As Sam began to near 800 summits, his fervor for hiking increased tenfold – and with his 80th birthday soon approaching, he laid out a plan that would require him to hike the summit over 200 times in one year. Throwing all caution to the wind, he embarked on what would be the final leg of his journey, disregarding the weather reports and occasionally camping in his car to get up early for the hike the next day. To a lesser man, this would be pure lunacy. But for Sam? It was merely the fulfillment of a life-long dream.
On April 7, 2017, Sam reached the top of Mount Baldy, looking for another summit to bag in his quest for 1,000. It was late at night and in the midst of a heavy rainfall. In recent months, Sam had grown rather fond of his late night jaunts. It was the usual scene – a few pictures, perhaps a light snack, and then Sam went the wrong way. Perhaps bewildered by hypothermia, perhaps limited by his dark surroundings – whatever the case, Sam, for one of the few times in his life, lost his way, descending down the north side of the mountain rather than the south.
Four days later, Sam’s body was found by search and rescue teams, having fallen over a thousand feet from the summit to the valley below. It was a dream cut short – he was only 13 days away from his 80th birthday, and less than a fifth of the way from his summiting goal. To some, his death was a reaffirmation of the danger of his hiking ways. To many more, his death served as only a reminder of the utter enthusiasm with which Sam went on with his life – and, as follows, an obligation for the rest to carry on that zeal with them.

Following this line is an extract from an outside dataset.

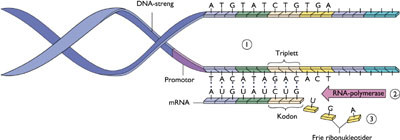 Promotor er også et sentralt begrep i genetikk. Transkripsjonen av gener i eukaryote celler katalyseres av enzymer betegnet RNA-polymeraser. Transkripsjonen starter med at RNA-polymerase binder seg til en DNA-sekvens, som kalles en promotor og er lokalisert i nærheten av den region som skal transkriberes. Basesekvensen i promotoren for en sentral RNA-polymerase er TATAAA, og det har gitt opphav til betegnelsen TATA-boks (5). Promotorer er aktuelle ikke minst i forbindelse med genterapi (6, 7).
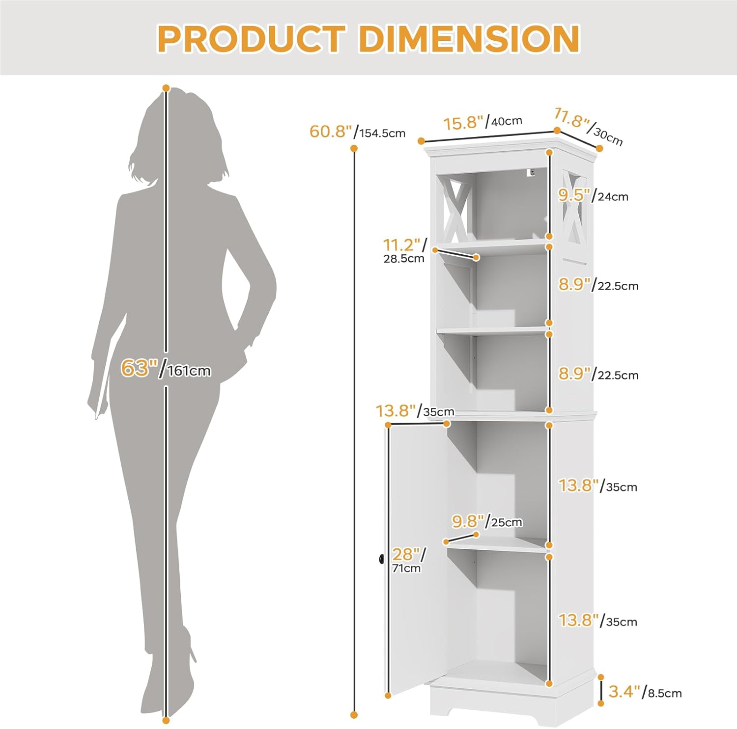 - Compact Yet Spacious-Measuring 11.9"D x 15.9"W x 60.9"H, this slim cabinet maximizes vertical space while taking up minimal floor area—perfect for small bathrooms, kitchens, or entryways. It 's recommended that two or more people install this cabinet.

Propelled by this obligation, on May 20, 2017, over 200 members from the hiking group 3H organized a community hike up Mount Baldy. Their goal: to symbolically complete Sam’s dream of 1,000 summits by having 200 people summit the peak for him. At midday, David Kim, Sam’s oldest son, ascended the mountain upon which his father felt so at home. At the summit, members clapped and cheered him on as he graciously accepted a ceremonial postcard. The number written on that postcard: 1,000.